John Fleming, M.D., deputy assistant secretary for health technology reform, was also part of the media briefing, and he touched on the issue of patient control as well. He reflected back on his years as a practicing physician, noting, “I have a very longitude perspective of patient and provider attitudes about their records, and for many years well into the 1980s, patients completely relied on doctors and trusted us without reservation. And I actually grew uncomfortable with that since doctors [make mistakes, too]. It’s obvious that patients and providers should become a team, and the only way for that to happen is to share data,” said Fleming.

He brought up a personal anecdote, speaking about his grandson who has cystic fibrosis, but his mother, who is not a doctor and has no medical training, keeps up with the latest CF research, keeps in contact with her son’s doctors, tracks his data, and shares that with the clinicians. “The future will be one in which patients want their information. It should be made available to them in a form that can be ingested,” Fleming asserted.

Circling back on the Verma talk from the day prior, Rucker said that ONC and CMS are in “tight synergy” and are aligned with the same goals around interoperability, reducing clinician burden, and promoting a patient-centered healthcare system. Said Rucker, “We bring this package into the CMS process and we work with them extensively; we easily have a dozen meetings a week. The goal is to get information flowing to put patients in control.”

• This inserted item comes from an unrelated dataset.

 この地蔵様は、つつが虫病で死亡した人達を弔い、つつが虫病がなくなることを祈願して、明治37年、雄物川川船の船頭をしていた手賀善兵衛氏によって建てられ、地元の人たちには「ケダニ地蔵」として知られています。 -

Speaking more broadly about healthcare market economics, Rucker said that while everyone talks about the rise of healthcare costs, it’s important not to forget that the “entire rise in healthcare costs was started when Medicare began in 1965.” He added, “We can go back to having patients shop for their care. That’s the goal— to empower patients in a market economy, [have them] shop for care, and have competition.”

Fleming, who noted that he was in Congress during the Obamacare debate, said that one-half of America sees the solution to healthcare’s issues as more government control and more regulations, while the other half sees the solution as having a consumer-oriented system, much like buying cars or groceries. “I think the solution is somewhere in between the two, and we need to solve that,” he contended. “Since 1965, the person receiving the care has not been the one who was shopping for it…We have to re-engage the consumer and we need to make pricing and value transparent. These are fundamental things to bring costs down,” he said.

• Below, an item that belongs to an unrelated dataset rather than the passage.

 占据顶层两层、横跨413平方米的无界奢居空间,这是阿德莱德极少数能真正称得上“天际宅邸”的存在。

Of course, a crucial key to making patient data more accessible is, as required by the 21st Century Cures Act, “the use of APIs without special effort,” which would allow one software program to exchange data with another and which also could allow apps to readily connect to EHRs.

“The data has to talk and has to get from point A to point B,” said Rucker. “It needs an interface and a network. [This is] the broader concept of open APIs without special effort. What’s being talked about here are the doorways, if you will, and the network is the hallway. These doorways [should] be available to everyone,” he said, adding, “Open APIs without special effort [represents] the ultimate tool for the democratization of our era. Open APIs without special effort can be worthless.”